# EXERCISE GOAL:
Take the line containing "A collection of" through the last line of the data and retype those lines exactly. Pictures do not belong in the copy.

Start of STUDY MATERIAL

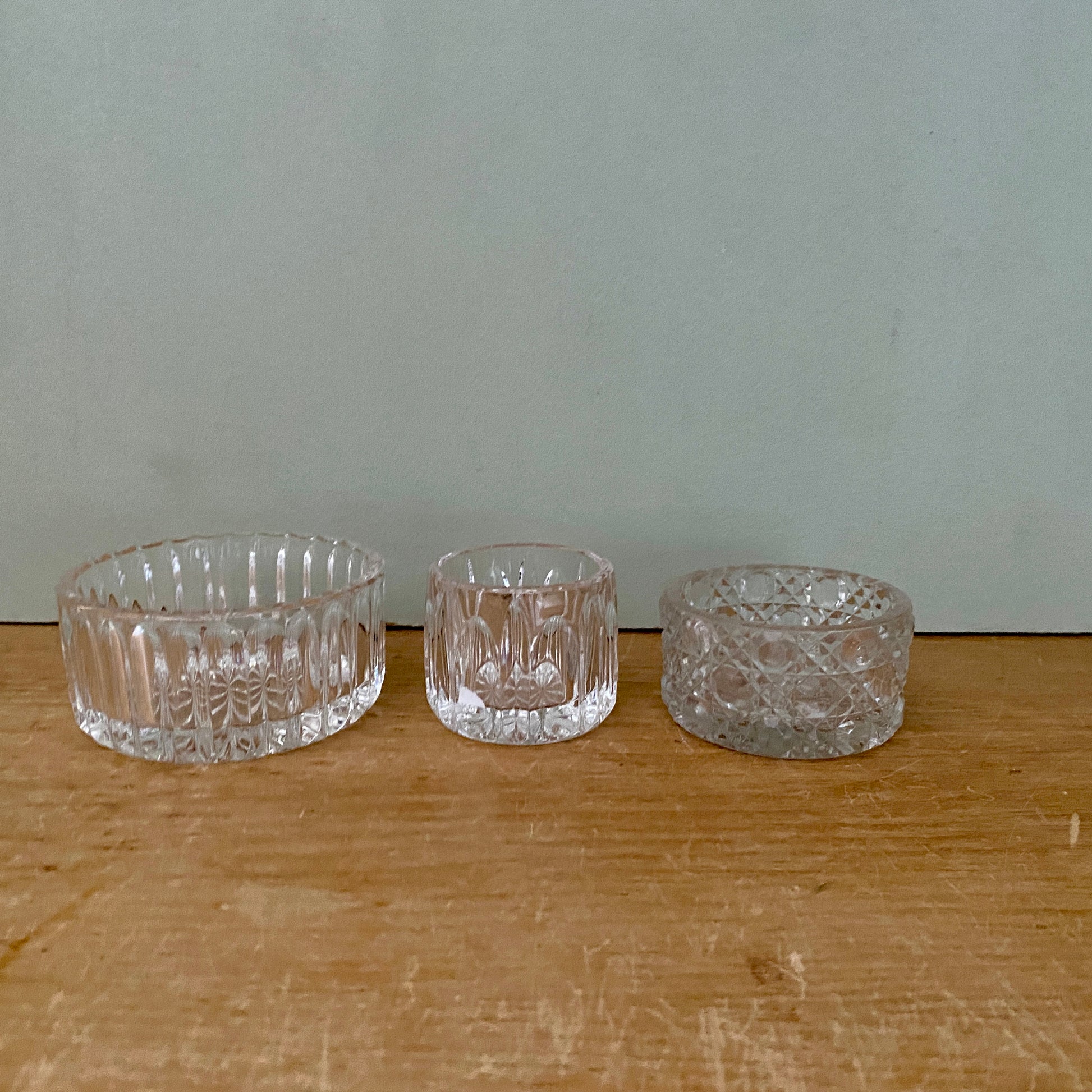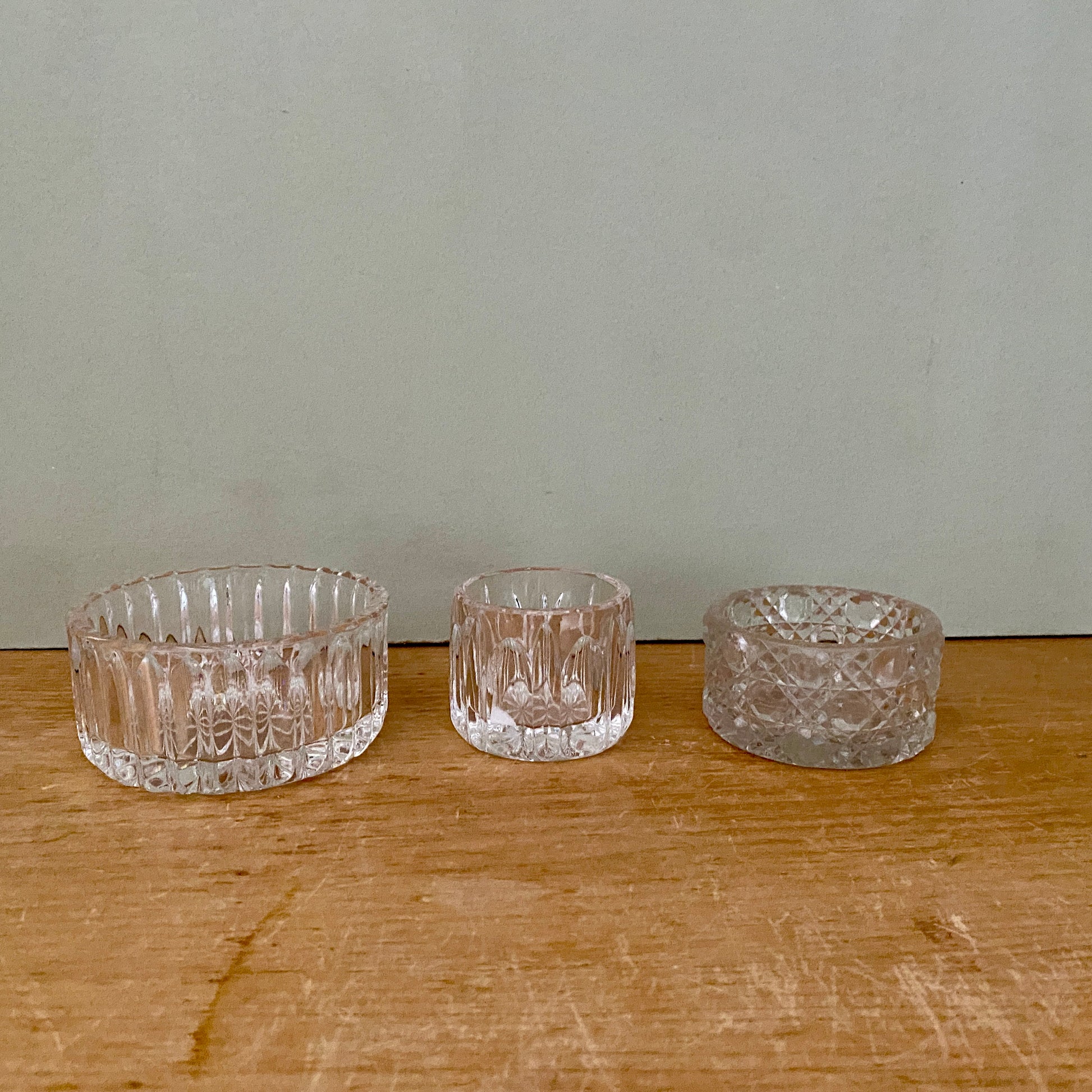 Joli lot des trois ramequins ronds en verre ciselé vintage.
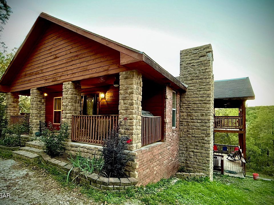 Escape to your ultimate retreat—a breathtaking lodge-style home crafted for adventure seekers and nature lovers! Nestled just 25 minutes east of vibrant Branson, this extraordinary property borders 12,000 acres of pristine Mark Twain National Forest, a deer hunter's paradise where the thrill of the hunt awaits right at your doorstep. For anglers, the sparkling waters of Bull Shoals Lake are a mere 10-minute drive, promising endless days of fishing bliss.
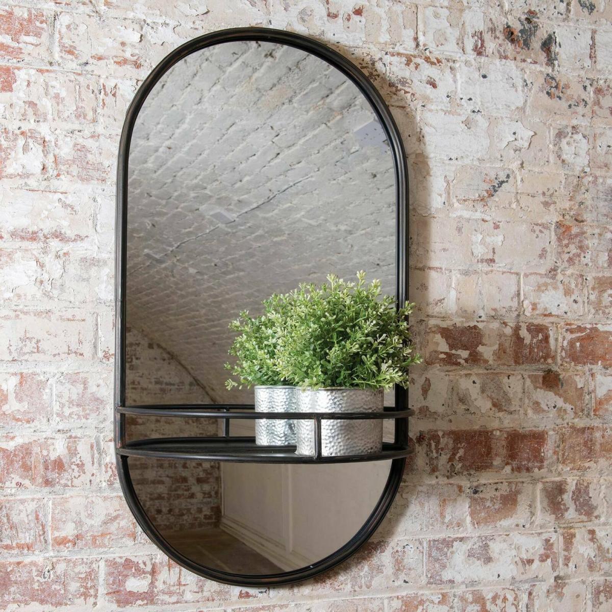 A minimalist oval mirror with a distressed finish and a small shelf perfect for holding jewellery or your beauty essentials.
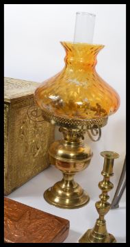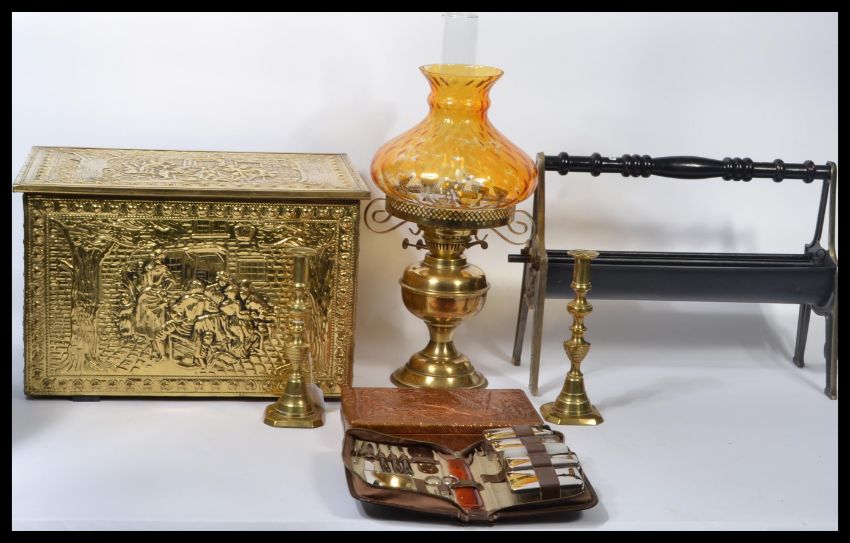 A collection of vintage items to include a pair of 19th century Georgian pusher candlesticks , a Dutch master scene brass box , a small copper duck scene box , a vintage brass oil lamp with orange glass shade , a paper roller etc. Highest measures 53 cm.
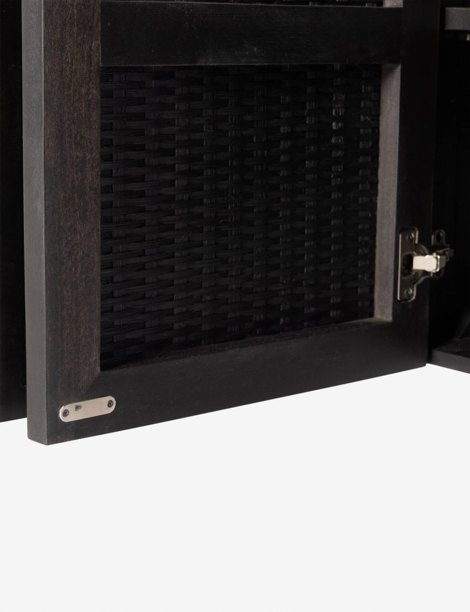 The Isaura sideboard offers textural impact in black. Its cane-paneled doors open to spacious shelving for dishes, linens, and other household essentials. The dowel legs stand apart from the case, framing this sideboard cabinet with an artful bearing.
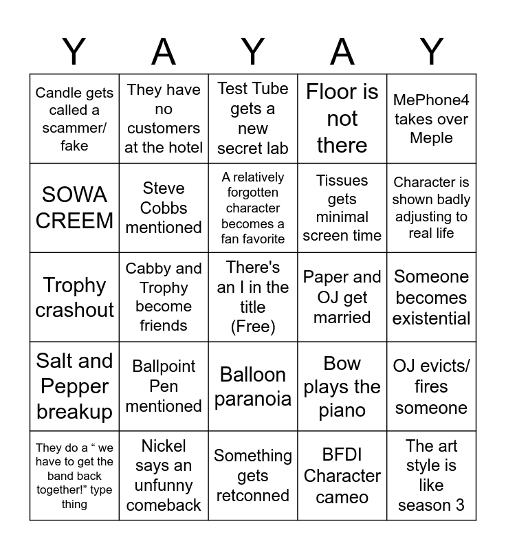 This bingo card has a free space and 24 words: Ballpoint Pen mentioned, Nickel says an unfunny comeback, A relatively forgotten character becomes a fan favorite, They do a “ we have to get the band back together!” type thing, MePhone4 takes over Meple, Candle gets called a scammer/ fake, SOWA CREEM, They have no customers at the hotel, Paper and OJ get married, Balloon paranoia, Tissues gets minimal screen time, Trophy crashout, Bow plays the piano, OJ evicts/ fires someone, Steve Cobbs mentioned, BFDI Character cameo, Someone becomes existential, Test Tube gets a new secret lab, Character is shown badly adjusting to real life, Cabby and Trophy become friends, The art style is like season 3, Salt and Pepper breakup, Floor is not there and Something gets retconned.

End of STUDY MATERIAL

# RESULT OF THIS TASK:
 A collection of vintage items to include a pair of 19th century Georgian pusher candlesticks , a Dutch master scene brass box , a small copper duck scene box , a vintage brass oil lamp with orange glass shade , a paper roller etc. Highest measures 53 cm.
 The Isaura sideboard offers textural impact in black. Its cane-paneled doors open to spacious shelving for dishes, linens, and other household essentials. The dowel legs stand apart from the case, framing this sideboard cabinet with an artful bearing.
 This bingo card has a free space and 24 words: Ballpoint Pen mentioned, Nickel says an unfunny comeback, A relatively forgotten character becomes a fan favorite, They do a “ we have to get the band back together!” type thing, MePhone4 takes over Meple, Candle gets called a scammer/ fake, SOWA CREEM, They have no customers at the hotel, Paper and OJ get married, Balloon paranoia, Tissues gets minimal screen time, Trophy crashout, Bow plays the piano, OJ evicts/ fires someone, Steve Cobbs mentioned, BFDI Character cameo, Someone becomes existential, Test Tube gets a new secret lab, Character is shown badly adjusting to real life, Cabby and Trophy become friends, The art style is like season 3, Salt and Pepper breakup, Floor is not there and Something gets retconned.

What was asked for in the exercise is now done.